Anyway, without seeing the real code, I'm just trying to guess what might go wrong. Hope it helps.

Answer 5

This might be a shot in the dark, but worth checking out.

Your application seems to be compiled in DEBUG since the error shows up in msvcr90d.dll. Are the dlls you are using also compiled in DEBUG? Creating memory with msvcr90.dll and freeing with msvcr90d.dll or vice versa is a common problem when using dlls.

I think your function pointer typedef looks a little suspicious. I'd write it like this:

typedef Module* (*moduleFnType)();

int main(void)
{
    HANDLE hMod = LoadLibrary("SomeSpecificModule.dll");
    moduleFnType GetModule = (moduleFnType)GetProcAddress(hMod, "GetModule");
    try
    {
        Module *d = GetModule();
        d->Foo();
    }
    catch (...)
    {
        cout << '!' << endl;
    }
    return 0;
}

Your typedef doesn't say anything about the return type of the function GetModule.

Answer 6

Canopus: when I throw an int as the exception, the same thing happens.

TK___: I am linking to multithreaded dll in all projects.

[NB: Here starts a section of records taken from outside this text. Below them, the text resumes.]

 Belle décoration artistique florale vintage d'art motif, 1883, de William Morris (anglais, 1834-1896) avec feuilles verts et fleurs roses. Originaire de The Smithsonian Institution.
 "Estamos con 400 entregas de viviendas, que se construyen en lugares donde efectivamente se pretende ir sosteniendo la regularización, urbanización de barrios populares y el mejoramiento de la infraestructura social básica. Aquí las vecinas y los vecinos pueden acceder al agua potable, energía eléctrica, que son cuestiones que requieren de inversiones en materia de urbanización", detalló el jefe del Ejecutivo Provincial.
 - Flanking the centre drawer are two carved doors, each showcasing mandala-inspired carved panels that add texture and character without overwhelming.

Assaf and Shing Yip: The dll's are indeed unloaded by FreeLibrary() in the destructor of a wrapper for them, as the wrapper objects I push into a vector of tr1::shared_ptr (as the wrapper itself is noncopyable as a resource holder and so can't be put in an STL vector) existing only in the try{} scope. It seemed like the right thing to do, so I can make sure cleanup including DLL unloading when there is an error situation, and I tend to prefer RAII-style design. If this is the source of the problem, then I'm wondering what sort of design to use that would operate correctly and still look good from a software engineering perspective. What makes me suspect this may not be the problem, however, is that when I step through the destructor calls that occur when the exception is thrown, FreeLibrary() runs with no error, and I can continue stepping until I get to the closing } of the catch{}.

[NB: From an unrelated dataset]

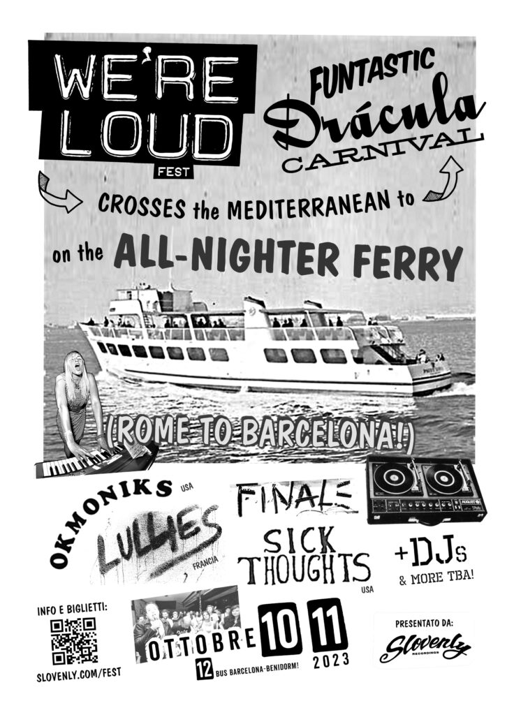 One of the most exciting segments of the We’re Loud Fest is the all-nighter ferry adventure. Set sail from Rome to Barcelona on October 10th and 11th, and let the music take you across the waves. With live performances by bands like the US-based OKMONIKS and SICK THOUGHTS, the journey becomes a floating festival, where the celebration continues seamlessly. Accompanied by a stellar lineup of DJs, including Mr & Mrs A (Hipsville), Oihane Follones, and Hombre Cohete, this voyage ensures that the festival spirit remains alive from dusk till dawn.
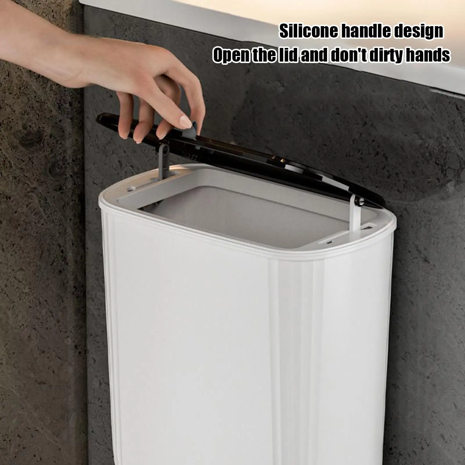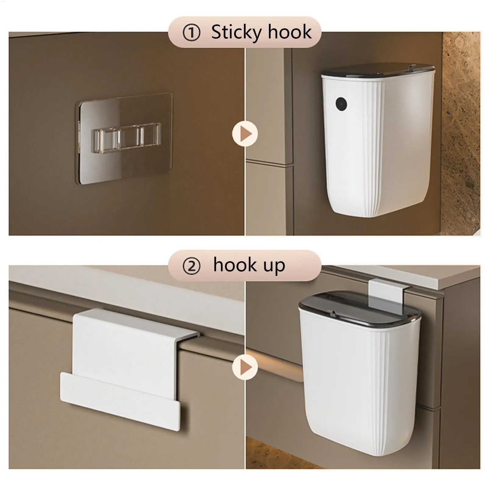 2.No-Drill Installation: The wall mounted trash can bathroom includes a practical cabinet door hook design, enabling easy attachment to cabinet doors or drawers, providing versatile placement options and ensuring seamless integration into various home environments without occupying valuable floor space

Magnus Skog: In release mode I also get a crash rather than catching the exception then continuing execution normally. Dynamic memory is handled with 1) operator new in a few cases, 2) tr1::shared_ptr, and 3) _mm_malloc/_mm_free where I need alignment.

Answer 7

Much of the stack unwinding code that needs to be called when your DLL throws an exception is in the DLL. If you unload the DLL, how is that code to be called?

Don't throw exceptions across dynamically linked module boundaries.